I do this stuff foe my day job, and everything here rings true. Every part of th...

timClicks · on June 24, 2020

I think that notebooks have been a bit of a sideways step in a data science workflow. They're accessible, but they're tremendously brittle.

nl · on June 24, 2020

Notebooks are so much better than anything else I've used for data science.

I have a traditional SWEng background and came into data science never having used them. I'd never go back.

I'm not saying that they are impossible to improve, but as a general approach they are exactly right.

They are "brittle" when viewed as a software artefact. But that's not really what they are (or should be).

calebkaiser · on June 24, 2020

Not to be too self-promotion-y, but I work on an open source ML deployment that we built specifically because of how incongruous the data science workflow is to software engineering: https://github.com/cortexlabs/cortex

nostrebored · on June 24, 2020

I'm curious to get your input on the Model Monitor, Debugger, and Experiments features on Amazon SageMaker. Have you had a chance to play around with them?

nl · on June 24, 2020

I've tried Experiments. It's great at the easy part of the ML workflow: optimising a working model. But it doesn't really help with the hard part - the debugging at the interface of the model and the data.

Say you are building a car detector or something. Building the CNN is ML101, and SageMaker experiments helps with optimising the training parameters to get the best out of the model.

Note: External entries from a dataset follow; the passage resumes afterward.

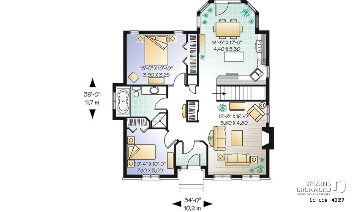 Plan de maison économique, 2 chambres, séjour remarquable avec foyer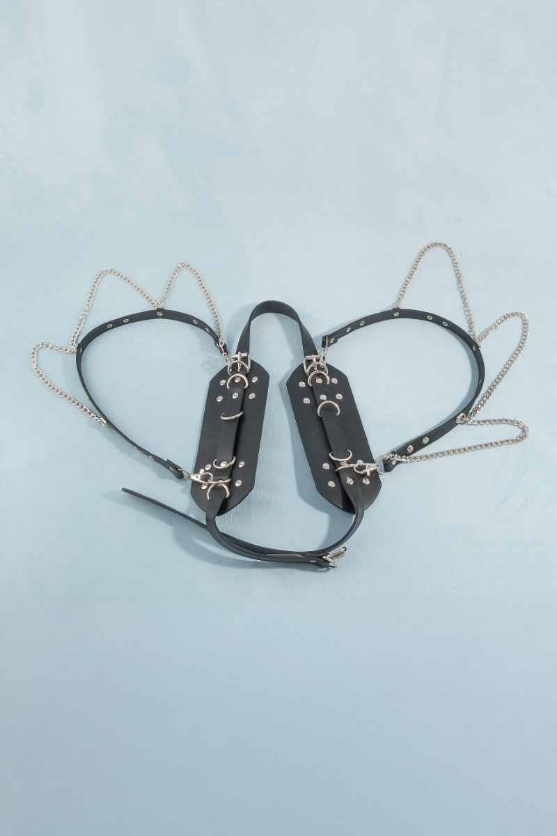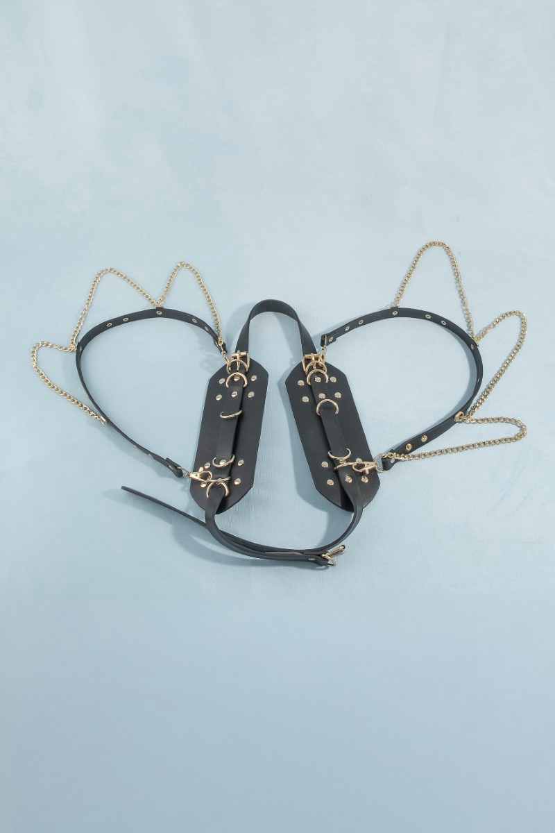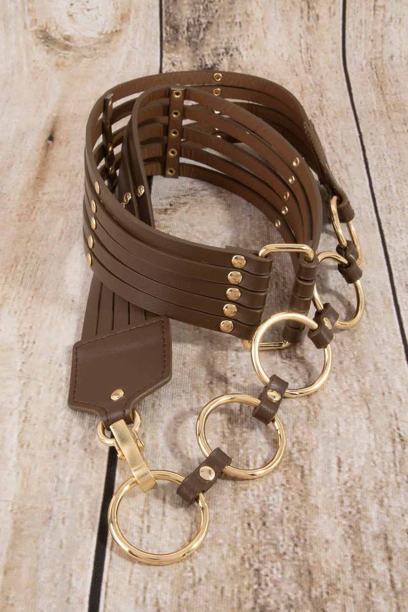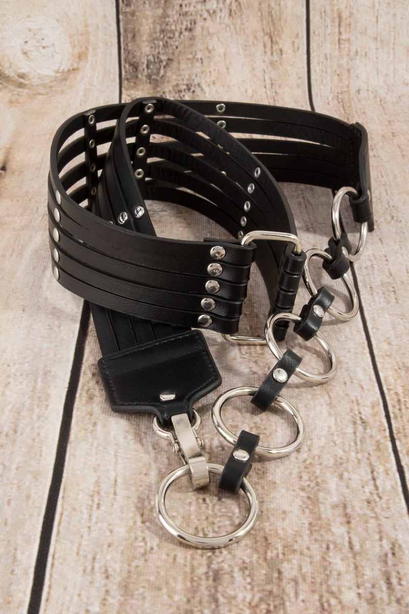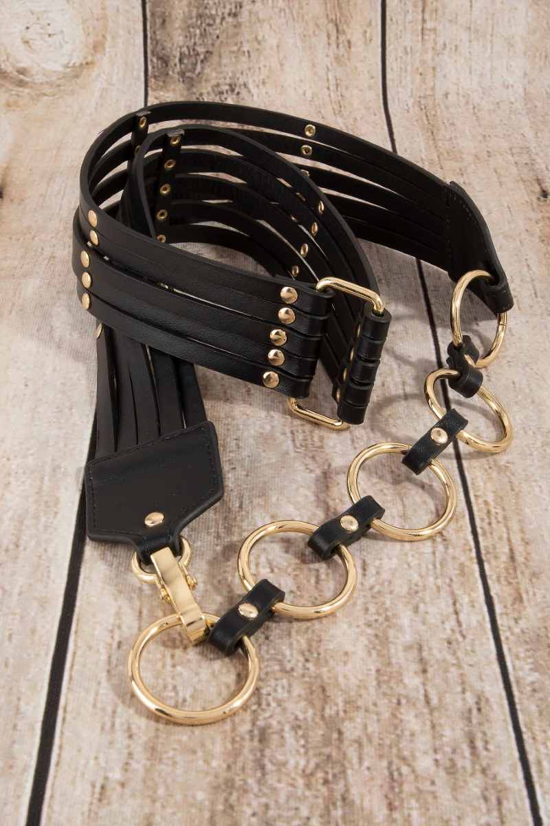 | Black faux leather multi-strap belt with gold studs. | ||||
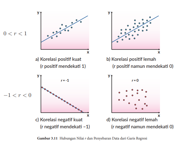 Kemarin kalian telah mempelajari apa itu Analisis Korelasi. Sebelum mempelajari lebih lanjut, gunakan tautan ini sebagai simulasi untuk melihat bagaimana garis regresi akan bergerak dan bagaimana nilai koefisien korelasinya berubah terhadap penyebaran datanya. Gunakan Gambar 3.10 dan 3.11 di bawah ini sebagai bahan referensi tambahan ketika melakukan simulasi.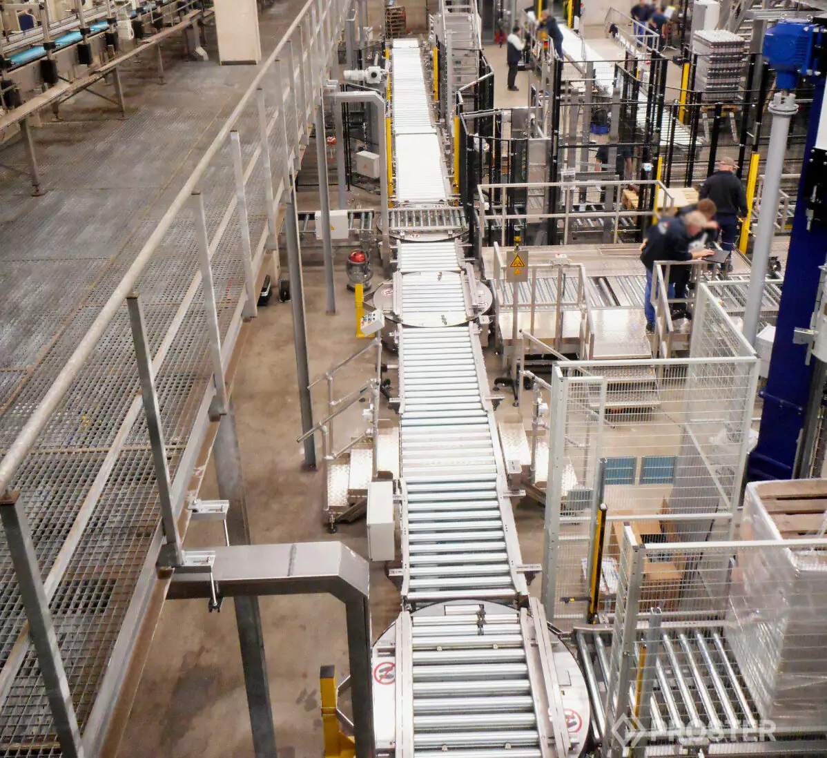 Zastosowane przenośniki: Użyto do tego celu niskich przenośników rolkowych oraz obrotnic (na wysokości 100mm od posadzki). Celem była współpraca z paleciakami, czyli niskimi wózkami paletowymi, które mają ograniczoną możliwość podnoszenia palety. Dzięki takiemu rozwiązaniu, w całym systemie depaletyzacji, nie było potrzeby użycia kilku wind do palet. Obrotnice zostały zastosowane, aby precyzyjnie umiejscowić oraz nadać odpowiednią orientację palecie do procesu zrobotyzowanego.

But that's not really a hard thing. The hard part is working out that your model is failing on cars with reflections of people in the windscreen or something, or your dataset co-ordinate space is "negative = up" so your in memory data augmentations are making the model learn upside down cars or something.

I don't know what Debugger gives me over a notebook, but I've only read the blog post.

I haven't tried Model Monitor but I do think that could be useful.

jiggunjer · on June 24, 2020

Any experience with ML in MATLAB?

Mumps · on June 24, 2020

I'll chime in, I did my thesis in MATLAB (specifically ML for MRI): While matlab itself wasn't the most fun to work with, they honestly have built a fantastic suite of tools. For example the Classifier App is amazing for brute forcing through a bunch of stuff.

Even went through a couple of hackathons with it and got some SoTA results.

I wouldn't ever go back to it, especially outside of academia. But it's not the worst thing out there.

nl · on June 24, 2020

Yes.

I mean it's fine, but I don't see any reason to use it instead of Python, and lots of reasons not to. But I'm not a mathematician by training.

I do quite like RStudio though, and I do see places where that is useful. So maybe MALBAB fits somewhere in between - less stats than R, less programmign that Python.

mkl · on June 24, 2020

I am a mathematician by training (+CS), I've worked in Matlab quite a bit, I've taught hundreds of students in it (having no say in language, but we're about to switch to Python), and I probably see even more reasons not to use it than you do. (I haven't done ML in it, but I'd be astounded if it wasn't terrible compared to Python and its ecosystem.)

I recommend avoiding Matlab for every use case unless they've got you trapped with a huge existing code base or reliance on a proprietary toolbox.

alexilliamson · on June 24, 2020

IMO whenever RStudio decides to support Jupyter notebooks, it's game over for everyone else. It's such a great piece of software for data analysis and I hope they continue to go broader than the just the R language.

langitbiru · on June 24, 2020

What do you think of Julia?

nl · on June 24, 2020

> Julia

The Haskell of Machine Learning.

https://www.jwz.org/doc/worse-is-better.html